Again, red arrows should how the algorithm would search until it found a goal state, and the blue arrows show how it would continue. You can see from this example that the breadth-first algorithm is a lot quicker, but it is not always the case, it all depends on your tree and the goal states you are looking for. We will look at the pros and cons of the two methods in a minute, but let us first look at the algorithms behind them.

The Algorithms

The algorithms are so similar I will present them to you side-by-side:

Depth-first

list CLOSED, OPEN = [StartNode] Mainloop: If OPEN = NULL, Stop // No goal! Set N = OPEN[0] if N is a goal node, stop. // Solution! Remove N from OPEN If N is in CLOSED goto Mainloop Add N to CLOSED Prepend any children of N to OPEN Goto Mainloop

Breadth-first

list CLOSED, OPEN = [StartNode] Mainloop: If OPEN = NULL, Stop // No goal! Set N = OPEN[0] if N is a goal node, stop. // Solution! Remove N from OPEN If N is in CLOSED goto Mainloop Add N to CLOSED Append any children of N to OPEN Goto Mainloop

This looks a bit confusing at first, but it will clear up upon explanation of OPEN and CLOSED. The OPEN list contains nodes that have not been looked at, and CLOSED contains all the nodes that have been explored. So, initially CLOSED is empty and OPEN is initialized to OPEN.

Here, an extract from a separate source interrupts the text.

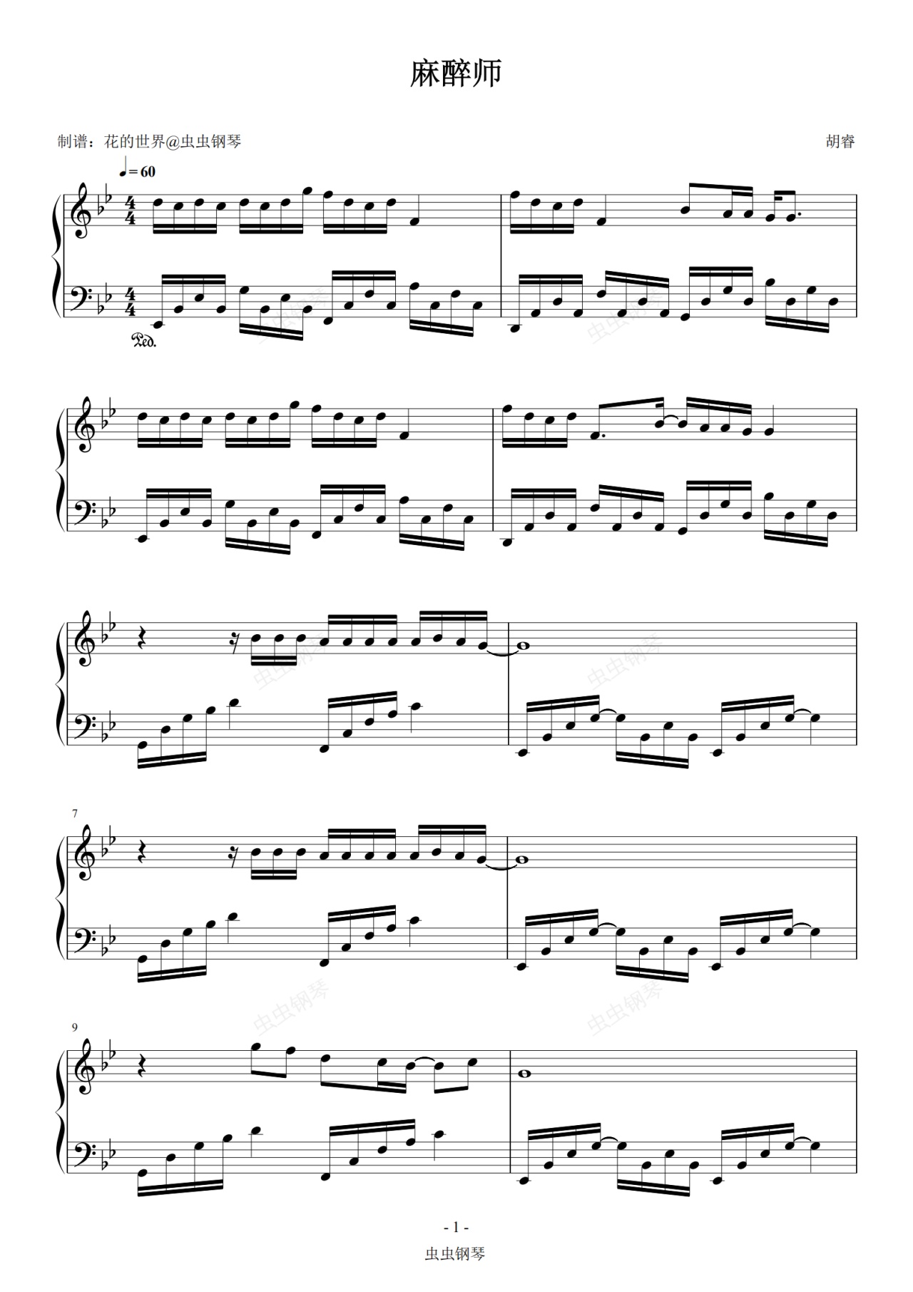 钢琴谱:麻醉师 原调简易版 胡睿
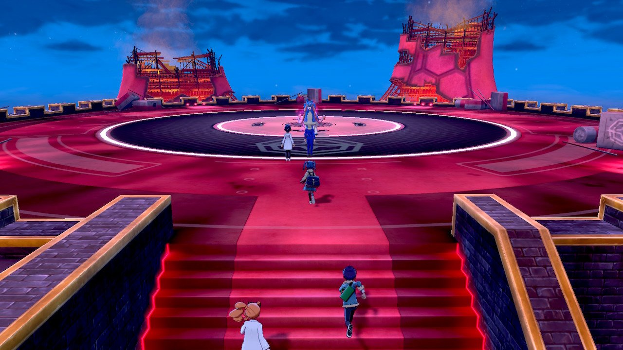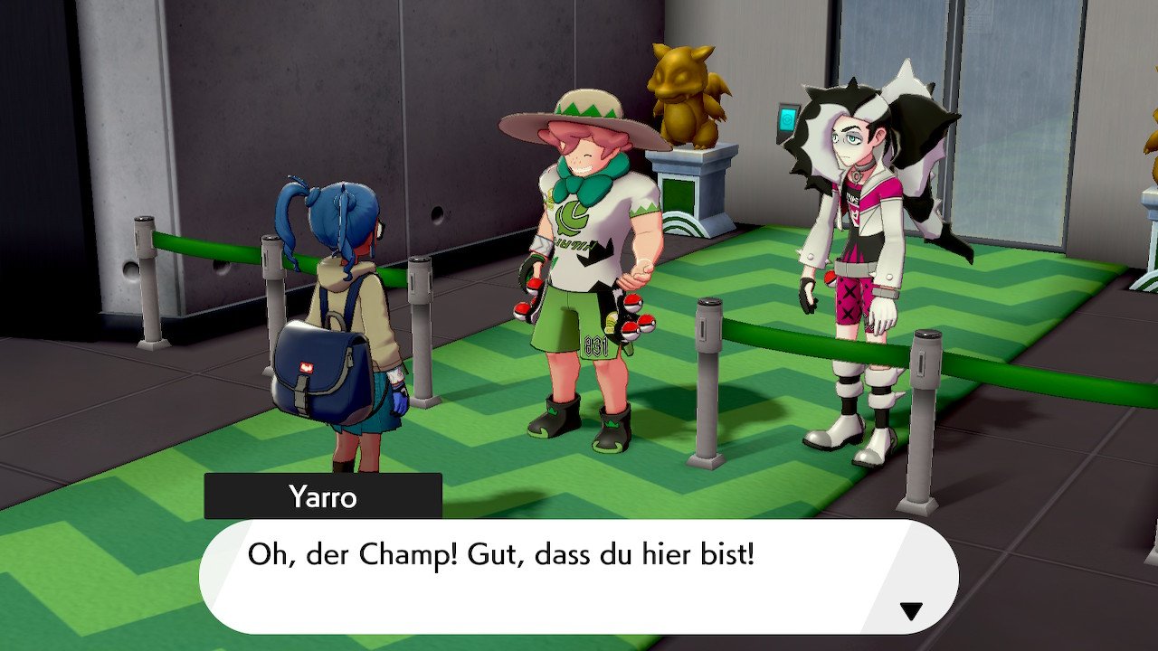 In der Arena treffen wir auf Nezz und Yarro, die einen Schaukampf hatten, als plötzlich ein Pokémon sich dynamaximierte. Sie evakuierten das Personal und die Zuschauer und wollen sich nun um das Dynamax-Pokémon kümmern. Ihr bietet eure Hilfe an, genau so wie Hop und Nezz, woraufhin ihr das Kampffeld betretet und ein Dynamax-Fruyal sieht. Gemeinsam bekämpfen wir das Fruyal und besiegen es. Yarro kümmert sich um das Pokémon und gibt uns als Dank seine seltene Ligakarte. Kurz darauf erscheinen Schwerthold und Schildrich und meinen, es sei ein Test gewesen und sie möchten jetzt neue und stärkere Pokémon dynamaximieren, um die wahre Natur von Zacian und Zamazenta zu zeigen. Verlasst die Arena und trefft auf Sania, die meint, in Keelton und Engine City schlägt der Detektor ebenfalls aus, woraufhin ihr euch zu den Stadion aufmacht, um zu helfen. Nezz und Hop schließen sich der Aufgabe an und unterstützen euch in der Rettungsmission.

Now, in the first iteration of the loop, we set N to the first element of OPEN (in this case StartNode). StartNode is not a goal node, so we continue. We remove N from the OPEN list, and check whether it is in CLOSED. It won't be, so we add it. We then check for any children of N, and put those on the OPEN list to be explored. Perhaps another diagram and a step-through is necessary.

Depth-first Step-through

Iteration 0: OPEN = [StartNode], CLOSED = []
Iteration 1: OPEN = [b,c], CLOSED = [StartNode]
Iteration 2: OPEN = [d,e,c], CLOSED = [b,StartNode]
Iteration 3: OPEN = [e,c], CLOSED = [d,b,StartNode]
Iteration 4: OPEN = [f,g,c], CLOSED = [e,d,b,StartNode]
Iteration 5: F is a goal node!

If you still don't understand, use the above information and the algorithm. Now draw the diagram on a piece of paper and step through it bit by bit. The algorithm is not hard to figure out once you can visualize it. A breadth-first step-through will be pointless since our example doesn't step through that many times.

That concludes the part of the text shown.